The problem is that the enterprise OS's ship buggy kernels too,
Yes, but they very, very rarely introduce new bugs in an update that
breaks a previously working system.
I have found at least one bug in most of the recent enterprise kernels
(RHEL3, RHEL4, RHEL5 and SLES9-never tested SLES10), and some of those
bugs were very very ugly had at least one of them had long since been
fixed upstream, and at least one of those bugs *NEVER* existed in the
kernel.org kernels at all.
And the timeline between reporting the bug and getting the fix was...?
Wait 3 months for the next update, and even there you had to change a kernel
parameter (after the new update allow the parameter to even be adjusted), and
this was for a bug that could be reproduced by "dd if=/dev/zero of=filename
bs=1M", all it took was a machine with 32GB of ram or more.
And lets take RHEL5 initial release, it did not support file systems
larger then 8TB (ext3 only, no XFS), it did not support Areca and
3ware PCIe controllers even though those drivers had been out for 6+
months at the time they shipped RHEL5, and those are most definitely
enterprise boards. And the second you add a driver and/or XFS on to
RHEL5 you are now tainted and *UNSUPPORTED*.
Do you have some point here - like a system that always supports
everything and never fails? I usually don't have as much of a problem
having to fiddle with a new machine where you obviously aren't already
relying on it or getting known-supported hardware when I don't have time
to fiddle as I do with updates breaking previously working things.

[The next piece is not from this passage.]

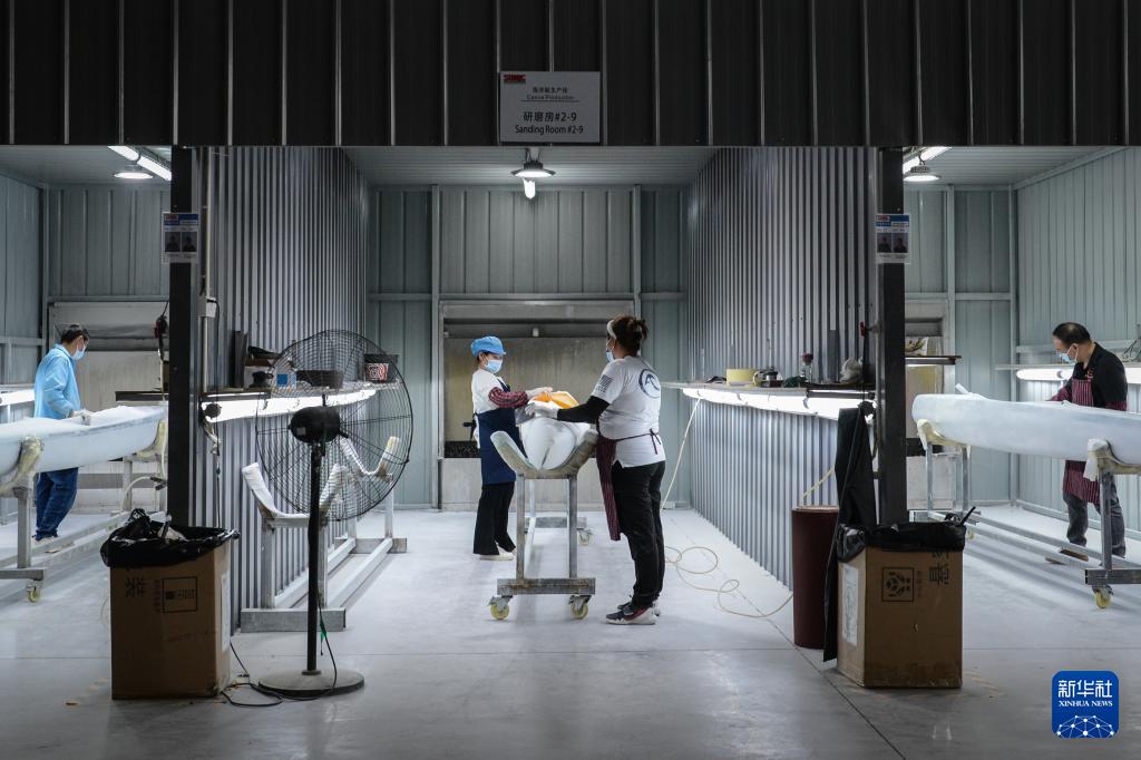 4月24日,在速力復合材料有限公司的生產(chǎn)車間內(nèi),工人在裝配海洋船。2024年,速力復材成為巴黎奧運會新增的風帆水翼賽事唯一指定生產(chǎn)商。
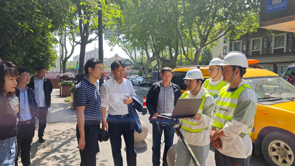 4月25日上午,江蘇省城市生命線安全工程建設(shè)推進(jìn)工作領(lǐng)導(dǎo)小組領(lǐng)導(dǎo)在鹽阜路雷達(dá)空洞探測現(xiàn)場,實(shí)地調(diào)研揚(yáng)州市政管網(wǎng)公司雷達(dá)空洞探測工作開展情況,并給予技術(shù)指導(dǎo)。

But,
have you tried the Centosplus kernels that put xfs and the drivers that
rhel removes back?
Yes, and typically to support anything recent you have too many add-ons on the
enterprise OSes, if you are in a fast moving enterprise environment RHEL won't work.
RHEL is probably quite good for any of the nice simple static enterprise
environments, but most would argue there you should probably lock everything
down so tight that few kernel updates/userspace are even required for anything,
the problem is in an environment were you are constantly having to bring in new
hardware that does not work on the older release, where you cannot wait 6 months
for RHEL to catch up. If you are really worried about stability on anything you
have to carefully cherry pick just the security fixes, and the fixes for
problems that you know that you have, you don't risk adding anything that you
don't need, everyone that is bitching about the Fedora updates breaking things,
but applies *ALL* of the updates without checking to see if it adds any features
that they need or fixes any problems that they have is just asking for trouble,
whether on a desktop or a server. If you manage fedora this way you can run
it as a server successfully.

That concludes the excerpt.